Work to complete:
Set down the data below from its first line to the line holding "WOSTU колье из", inclusive; omit all pictures.

Data to process:
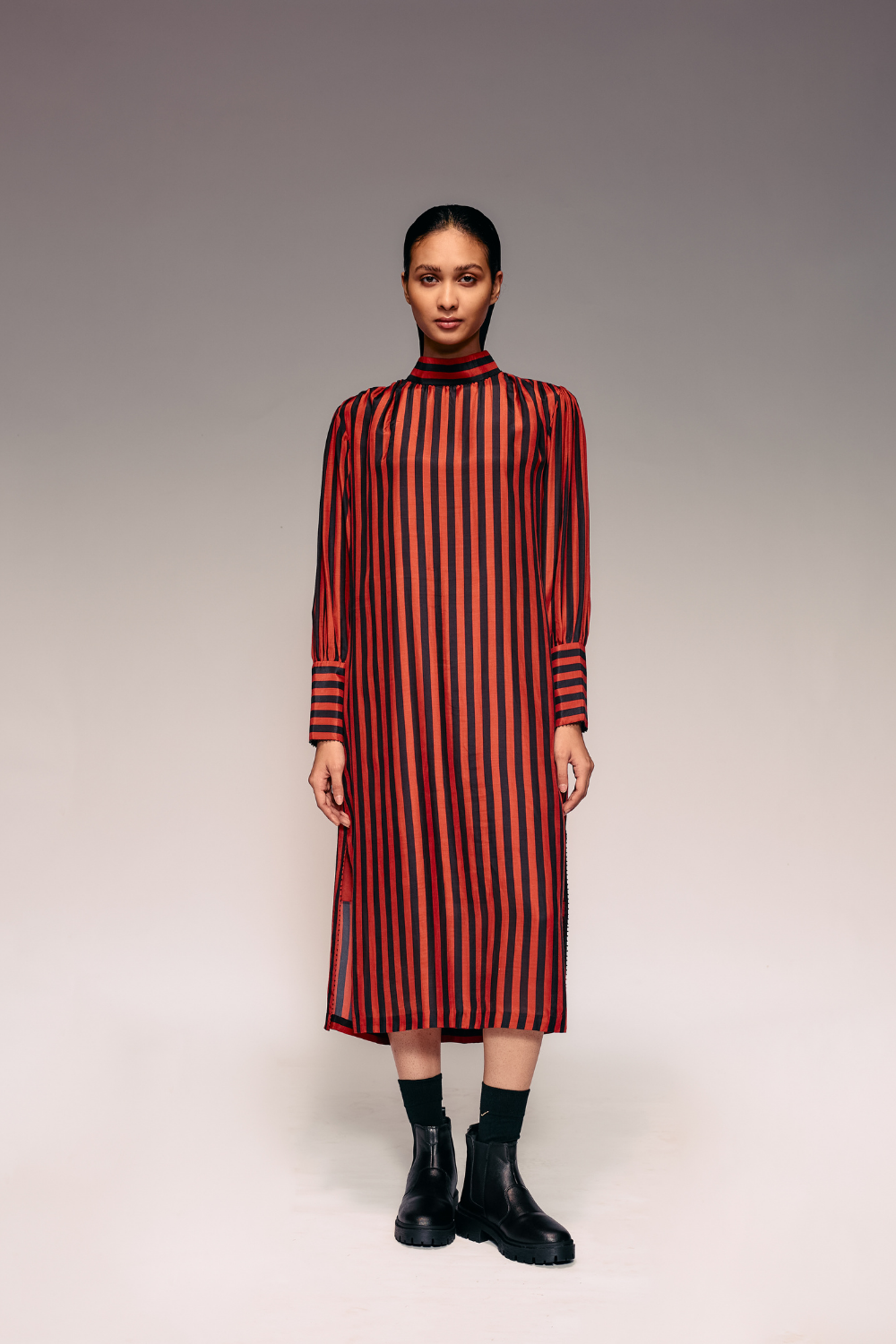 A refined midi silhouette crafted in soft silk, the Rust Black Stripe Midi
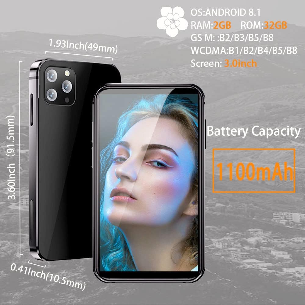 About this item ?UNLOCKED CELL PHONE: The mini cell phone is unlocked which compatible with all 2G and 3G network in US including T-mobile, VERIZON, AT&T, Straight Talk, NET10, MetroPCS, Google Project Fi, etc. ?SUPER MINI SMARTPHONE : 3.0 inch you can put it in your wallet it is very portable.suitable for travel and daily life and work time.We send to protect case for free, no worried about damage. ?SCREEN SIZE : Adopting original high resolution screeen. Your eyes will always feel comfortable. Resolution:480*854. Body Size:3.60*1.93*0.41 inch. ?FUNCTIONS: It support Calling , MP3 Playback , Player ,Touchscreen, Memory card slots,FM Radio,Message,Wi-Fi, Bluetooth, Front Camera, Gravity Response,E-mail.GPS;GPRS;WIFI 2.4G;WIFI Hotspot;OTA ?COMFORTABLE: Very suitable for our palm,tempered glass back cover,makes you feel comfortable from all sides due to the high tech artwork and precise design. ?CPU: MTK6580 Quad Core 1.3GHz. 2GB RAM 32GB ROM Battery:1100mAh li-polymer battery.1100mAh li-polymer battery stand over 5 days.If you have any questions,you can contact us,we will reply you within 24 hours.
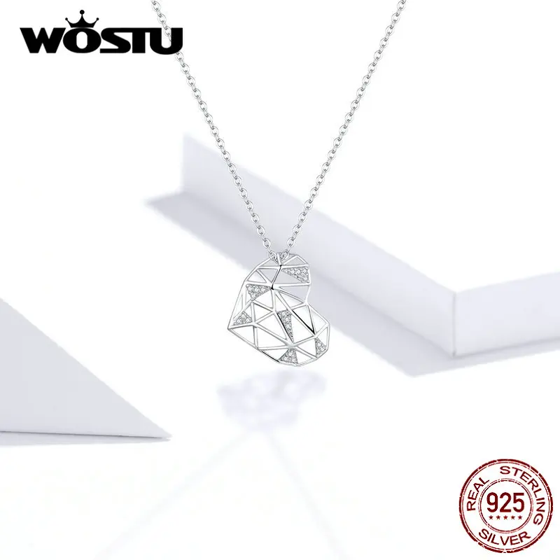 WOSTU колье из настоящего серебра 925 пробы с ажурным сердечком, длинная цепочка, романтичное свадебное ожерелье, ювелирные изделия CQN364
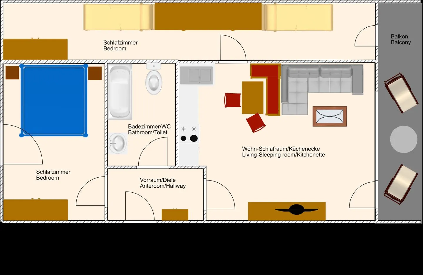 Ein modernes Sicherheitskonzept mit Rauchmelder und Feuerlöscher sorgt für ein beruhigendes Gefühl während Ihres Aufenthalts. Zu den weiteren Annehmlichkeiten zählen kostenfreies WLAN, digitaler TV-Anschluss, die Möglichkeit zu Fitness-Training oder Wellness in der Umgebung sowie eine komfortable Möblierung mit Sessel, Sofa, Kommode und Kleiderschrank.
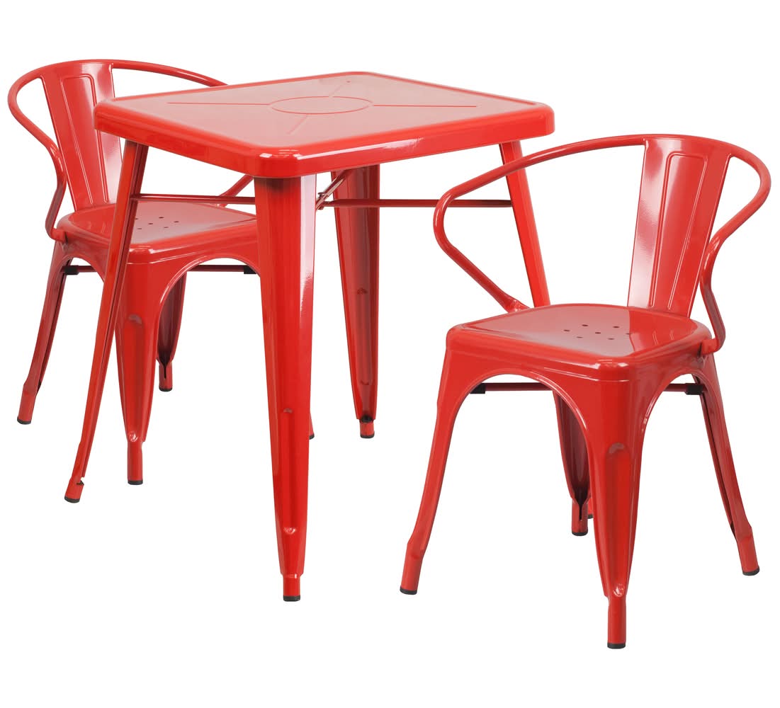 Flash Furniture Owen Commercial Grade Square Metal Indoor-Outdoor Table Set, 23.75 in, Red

Answer area:
 A refined midi silhouette crafted in soft silk, the Rust Black Stripe Midi
 About this item ?UNLOCKED CELL PHONE: The mini cell phone is unlocked which compatible with all 2G and 3G network in US including T-mobile, VERIZON, AT&T, Straight Talk, NET10, MetroPCS, Google Project Fi, etc. ?SUPER MINI SMARTPHONE : 3.0 inch you can put it in your wallet it is very portable.suitable for travel and daily life and work time.We send to protect case for free, no worried about damage. ?SCREEN SIZE : Adopting original high resolution screeen. Your eyes will always feel comfortable. Resolution:480*854. Body Size:3.60*1.93*0.41 inch. ?FUNCTIONS: It support Calling , MP3 Playback , Player ,Touchscreen, Memory card slots,FM Radio,Message,Wi-Fi, Bluetooth, Front Camera, Gravity Response,E-mail.GPS;GPRS;WIFI 2.4G;WIFI Hotspot;OTA ?COMFORTABLE: Very suitable for our palm,tempered glass back cover,makes you feel comfortable from all sides due to the high tech artwork and precise design. ?CPU: MTK6580 Quad Core 1.3GHz. 2GB RAM 32GB ROM Battery:1100mAh li-polymer battery.1100mAh li-polymer battery stand over 5 days.If you have any questions,you can contact us,we will reply you within 24 hours.
 WOSTU колье из настоящего серебра 925 пробы с ажурным сердечком, длинная цепочка, романтичное свадебное ожерелье, ювелирные изделия CQN364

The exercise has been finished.